Open GayaaniD opened 6 months ago
I'm facing a similar issue. I'm trying to figure out how to pass an audio file and receive the corresponding text. On the client side, several processes are being executed to prepare the Blob file, which is then sent to the socket. On the Python socket side, the remaining speech-to-text processing occurs. I'm wondering how to achieve the same result by passing the audio file as a parameter?
Please use the really great faster-whisper library to transcribe an audio file (this lib is just not the right tool for that).
Explanation: RealtimeSTT depends on timing. I you'd want to transcribe an audio file with it, you'd have to feed a chunk then wait for the time it would need to play out the chunk before feeding the next chunk. It would take much, much longer time to process that than with faster-whisper, which also delivers a full transcript, so I suggest using that library which was especially designed for this purpose.
Also text = recorder.text() would only yield you the first detected full sentence. You'd have to call it repeatedly to retrieve the full transcript. Btw use recorder.shutdown() or create recorder with "with" statement (Context Manager) to prevent it running forever.

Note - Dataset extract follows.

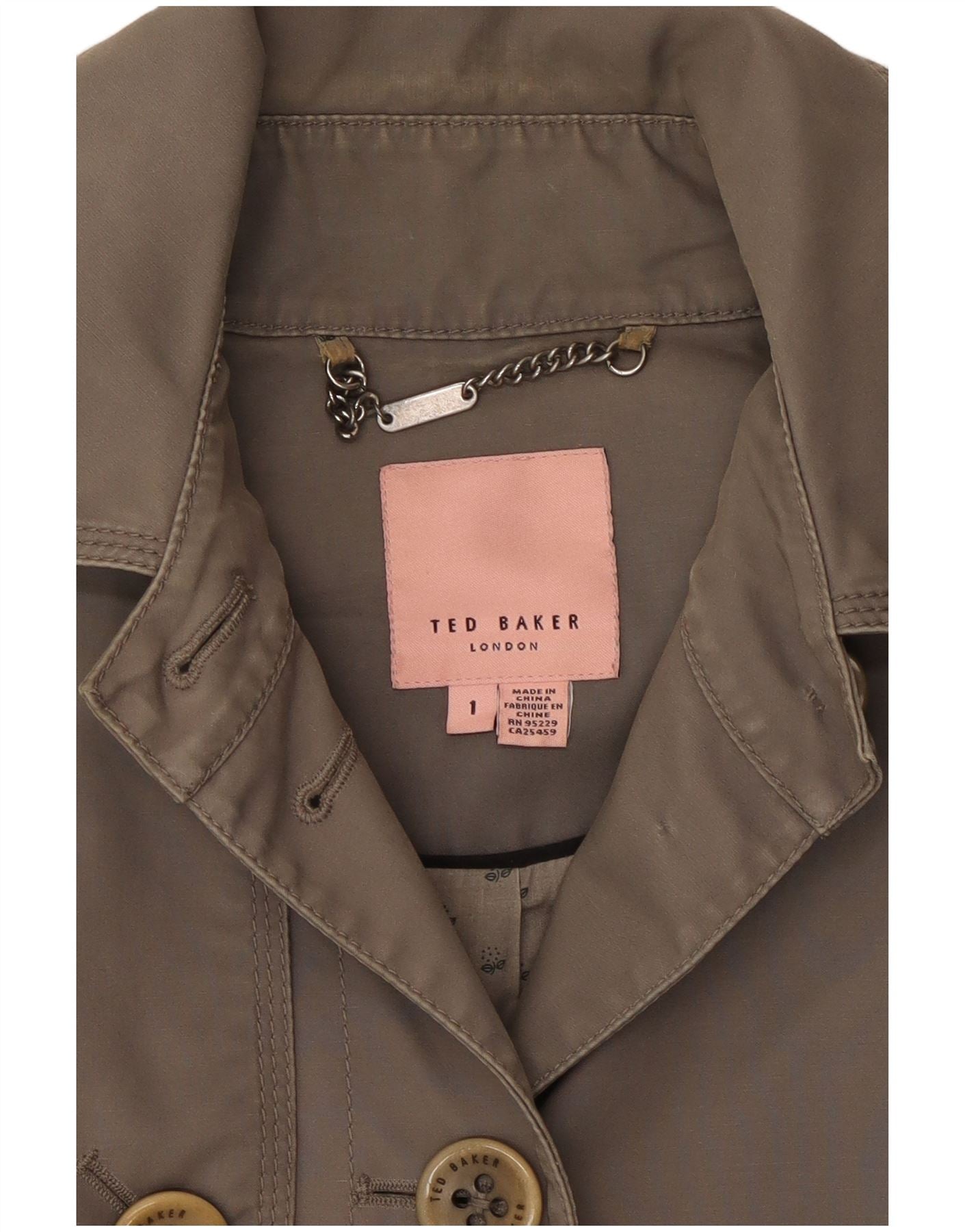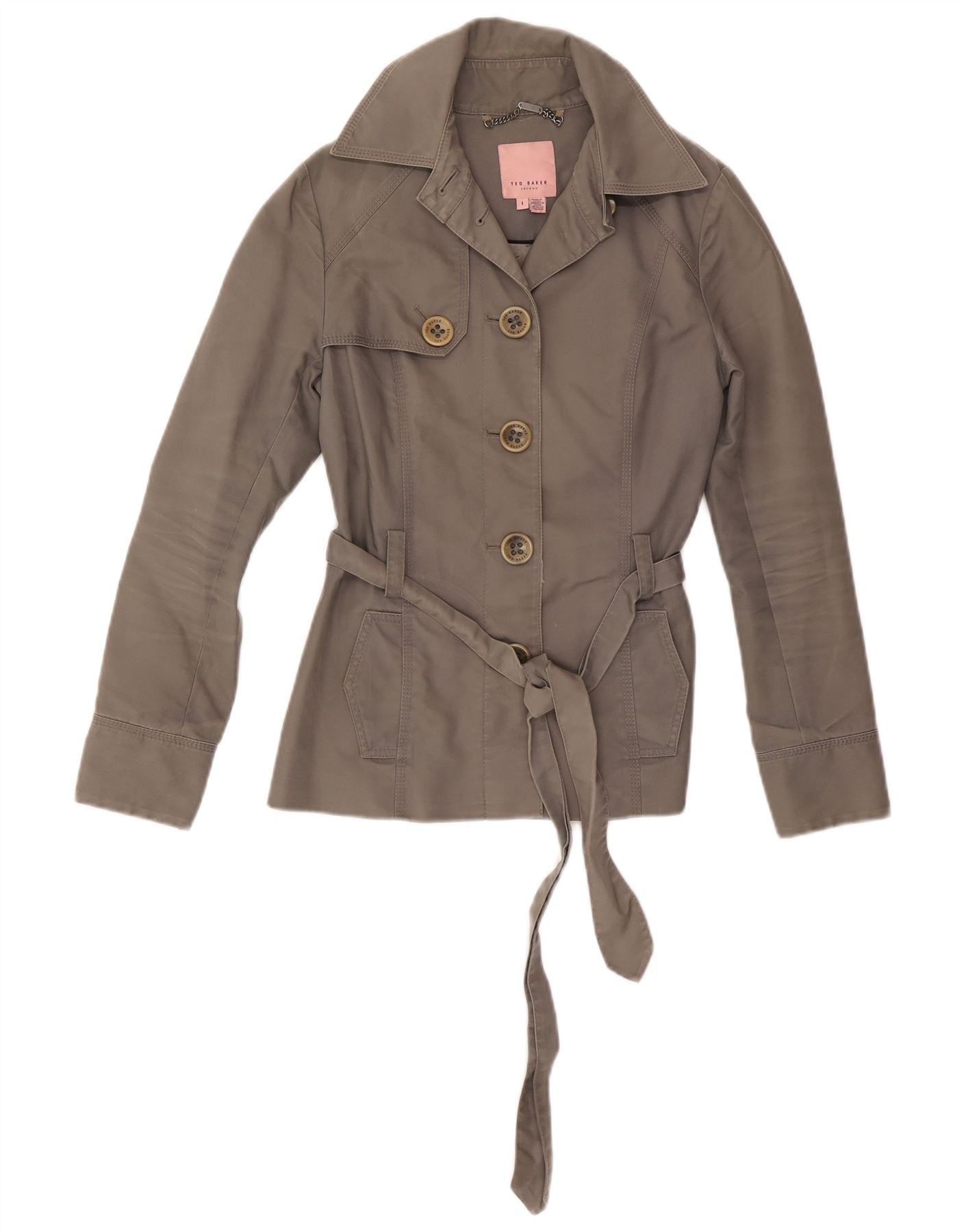 TED BAKER Womens Short Trench Coat Size 1 XS Grey Cotton

Thankyou, I will check further
Hi team, I am working on implementing a voice chatbot using RealtimeSTT library. For the speech-to-text part, I am using the RealTimeSTT library. Here, I am attempting to provide an audio file as input and transcribe it. You mentioned that if we don't want to use a microphone, we should set 'set_microphone' to False and provide the audio as a 16-bit PCM chunk to obtain the transcribed text as output. i have implemented the code as below.
but i got response as;
[2024-04-28 11:36:10.671] [ctranslate2] [thread 21416] [warning] The compute type inferred from the saved model is float16, but the target device or backend do not support efficient float16 computation. The model weights have been automatically converted to use the float32 compute type instead. data-------------> [0.00000000e+00 0.00000000e+00 0.00000000e+00 ... 9.15527344e-05 1.22070312e-04 1.52587891e-04] pcm data-----------------> [0 0 0 ... 3 4 5] [2024-04-28 11:36:57.949] [ctranslate2] [thread 17900] [warning] The compute type inferred from the saved model is float16, but the target device or backend do not support efficient float16 computation. The model weights have been automatically converted to use the float32 compute type instead. RealTimeSTT: root - WARNING - Audio queue size exceeds latency limit. Current size: 104. Discarding old audio chunks.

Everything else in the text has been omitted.